Between 2011 and 2015, Procter & Gamble raised its dividend from $1.97 per share to $2.65 per share. During these four years, each share of P&G that got purchased at $60 in 2011 paid out $11.50 in cumulative dividends if you forward count the September and December payments. At an average reinvestment price of $68.23 over the past four years, and assuming the final two payments get reinvested at the current market prices, an investor would have created 0.168 shares of Procter & Gamble over the past four years just by making a singular decision in 2011 and checking off the reinvest box.
I mention this because the past four years have been nothing great for Procter & Gamble. In fact, you could argue that it has been one of the worst relative stretches in the company’s history because it has only grown revenues by 2.5% annually over the past four years and had to dedicate some cash to building the brand back up rather than sending that money back out the door for dividends and buybacks (during Lafley’s first reign, the company underinvested into bottle quality, increased the water concentration in some cleaning supplies, and engaged in other product devaluations that started to show up in trade publications that reported market share gains by Kimberly-Clark, Colgate-Palmolive, and Reckitt-Benckiser).
But look at what happened during this “rough” period: Every share went from collecting $1.97 to $2.65, and the share count simultaneously increased from 100 to 116.8 with dividend reinvestment. The annual income grew from $197 for every 100 shares to $309 because the 100 shares picked up 16.8 friends. We are talking 56.8% total income growth since 2011.

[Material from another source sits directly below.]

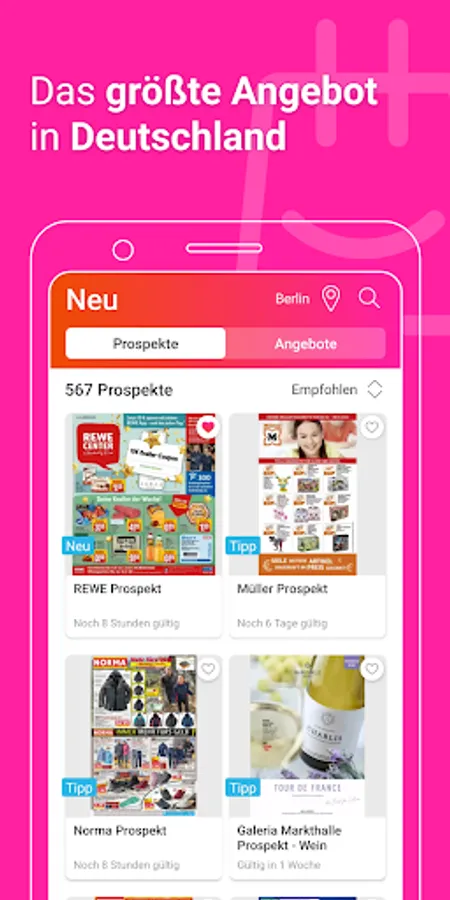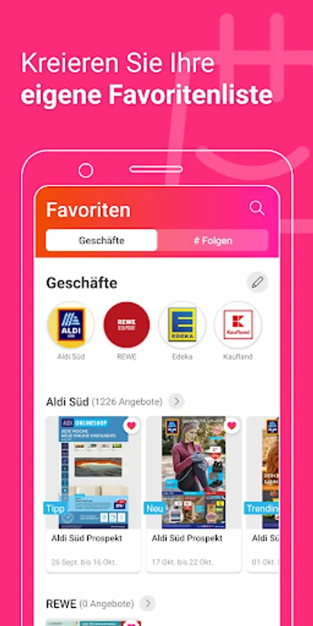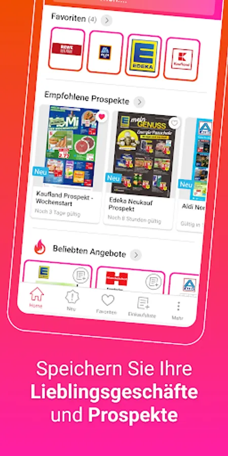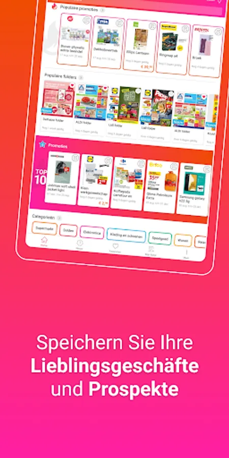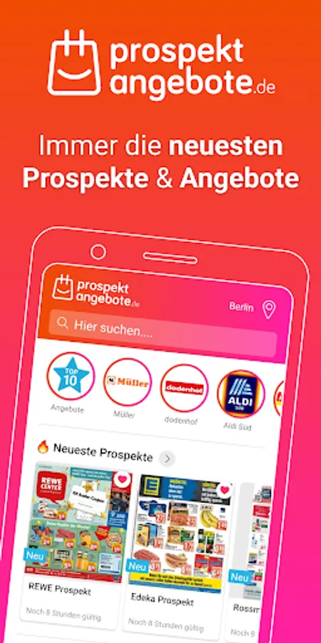 Our Prospektangebote.de APP shows you all current brochures and offers from large and small retail chains in Germany. Among them you will find not only all supermarkets and hardware stores, but also electronics stores, fashion stores, toy stores, computer stores, drugstores and many more. You'll even find most of the local shops here. If you want to favorite a shop, you just have to click on the heart. This means that you are always the first to be up to date with the latest offers from your favorite shops and have your favorite advertising brochures to hand at all times.

Johnson & Johnson tells a similar story over the past four years. The $2.25 dividend in 2011 now sits at $3 per share. By the end of the year, Johnson & Johnson investors will have collected $12.92 in dividends that got reinvested at an average price of $82.43 per share. The net result is that each share of J&J picked up 0.156 additional shares from dividend reinvestment. Someone with 100 shares in 2011 would have grown $225 in initial annual income into 115.6 shares collecting $346 in annual income. The cumulative growth over the past four years has been 53.7%.
I mention this because some people put up mental blocks when they hear the same high-quality stocks repeated over and over again on every site. Everyone who has read ten or more investment articles has encountered these names. Everyone is familiar with the dividend histories going back 100+ with annual dividend raises for over the past fifty. This is my way of saying don’t forget about the basics.

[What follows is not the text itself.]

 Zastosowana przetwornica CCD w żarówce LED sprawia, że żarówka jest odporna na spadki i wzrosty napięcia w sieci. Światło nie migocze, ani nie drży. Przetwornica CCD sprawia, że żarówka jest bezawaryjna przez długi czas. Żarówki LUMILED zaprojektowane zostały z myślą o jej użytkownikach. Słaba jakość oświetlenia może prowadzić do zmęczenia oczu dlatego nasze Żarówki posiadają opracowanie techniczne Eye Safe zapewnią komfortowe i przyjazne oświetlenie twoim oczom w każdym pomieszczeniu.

Some people think that the rapid rise of the American multinational company in the years after WWII as Japan and Europe rebuilt provided a one-time bonus that came with an expiration date that has either fast approached or is rapidly approaching. It’s easy to talk yourself into selling great assets.
What people tend to miss is that: (1) these companies retain at least a third of their profits to invest in future growth, (2) they generate just as much wealth from dividends and share buybacks as overall profit growth. People think, “Oh, Procter & Gamble is a $200 billion company. No way it could be worth a trillion dollars.” That kind of logic ignores the portion of the total return that comes from the 3.3% yield that gets reinvested, and the other component of the total return that is the result of buybacks reducing the 2.7 billion shares outstanding. It is not just the market cap expanding that matters, but the number of claimants on the profits as well, and (3) inflation plus acquisitions constantly force us to re-evaluate our idea of big. Telling someone in the 1950s that Procter & Gamble would one day have two dozen brands selling $1 billion per year would have seemed absurd. It’s the “Back in my day, cheeseburgers cost a nickel” phenomenon. That story will continue to play out, and there will be a few dozen trillion-dollar companies twenty years from now.
This is also an important reminder on why I regard hold and buy as distinctly different things. I do not subscribe to the “If I shouldn’t buy it right now, why should I own it?” mindset that advocates higher portfolio churn resulting in sales fees and taxes. Just because Procter & Gamble traded at $94 last year doesn’t mean it was wise to sell it then. It’s on pace to make $6 per share in 2019, and will probably trade at $125 if it is rationally valued then. Plus, you will collect the dividends. If you sell, you pay the fees and reduce your capital pool and create a lifestyle where you never experience seeds growing 50% or more in a four year period.
I’ve mentioned before that ExxonMobil would be my preferred stock for DRIP investing because it regularly gets undervalued while growing its dividends so you typically get many opportunities to buy “free” shares of stock through dividend reinvestment that enhances the compounding process above what you’d deserve from positive changes in the business fundamentals alone. When you buy Procter & Gamble and Johnson & Johnson, you don’t get that benefit.
But still, I think they are a close second and third, and I doubt anyone would regret systematically buying shares of each company through a DRIP each month and reinvesting the dividend for twenty-five years. The results from $200 per month into each would be staggering. Even during a four year period when neither company appeared to be doing anything impressive compared to its usual history, the income grew over 50% cumulatively for each company. It still surprises me how lucrative it can be to do the obvious.